I currently faced an issue. I read the online article Hands on Review of the Hisense A9 4G E INK Android 11 Smartphone but I am having trouble viewing the content using einkbro. When I tried another browser it is working normally.

I tried the website on my eink device as well as my tablet and got the same behavior. Please take a look and let me know how I could got problem fixed. Thanks a lot.

[plateaukao]

Hi, @winstonma
I can read the article without any issues on latest version (9.1.0).

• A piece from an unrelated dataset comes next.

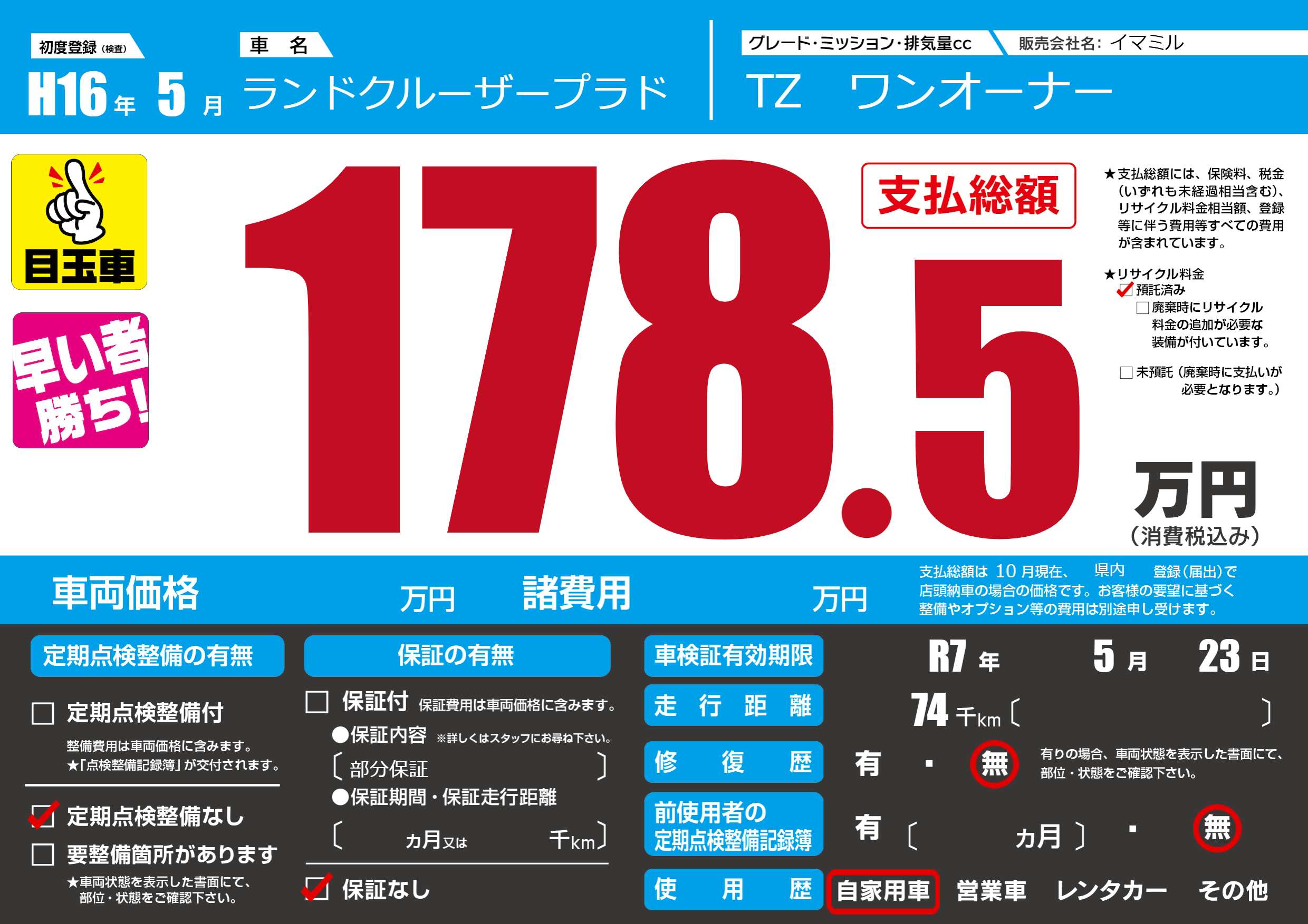 | 走行キロ | 7.4万km | 初年度登録 | H16年5月 |

May I know how did you get the web link? If it's something you searched on google, and it is listed on top of the link results; these links may be with google ad redirection, that will be identified as advertisement.

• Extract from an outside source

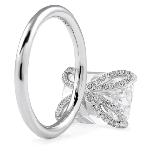 Our Signature Wrap features a full row of pave diamonds that wrap beneath the center stone and goes over the prongs for a continuous look. This style of engagement ring offers a unique touch of detail that is only visible from the profile.

Also, in addition to that url, is it possible to access other links on goodreader? for example: https://goodereader.com/blog/reviews

[winstonma]

Sorry I think I should highlight few things

1. I am using Pihole on my router so it would block ads using host file, of coz I subscribed to other list as well. After disabling the Pihole I can view the page again. As a reference I can view the webpage using other browsers when Pihole is enabled.
2. This problem is not v9.1 specific, it also happens to v9.0. I didn't check anything before.
3. I couldn't access the review page as well

[plateaukao]

May I know what's the error message on the screen? Also, since I don't know the underlying mechanism of Pihole, you may need to check logs from Pihole and see if something goes wrong when EinkBro tries to access that web site.

[winstonma]

Pihole blocks ad server access via the host file (exactly same as Adaway in Android). Also the Pihole log only log what's go through and what's get blocked. Like the image below:

Actually I think this is the full test case and first of all your device need to be rooted

1. Download Adaway apk and install Adaway
2. Open Adaway, and add addition adlist (Energized Basic)
3. Open https://goodereader.com/blog/reviews using einkbro

Then I got empty webpage like the screenshot below:

[winstonma]

If you don't mind I could install a debug version of einkbro and it could capture more info.

[plateaukao]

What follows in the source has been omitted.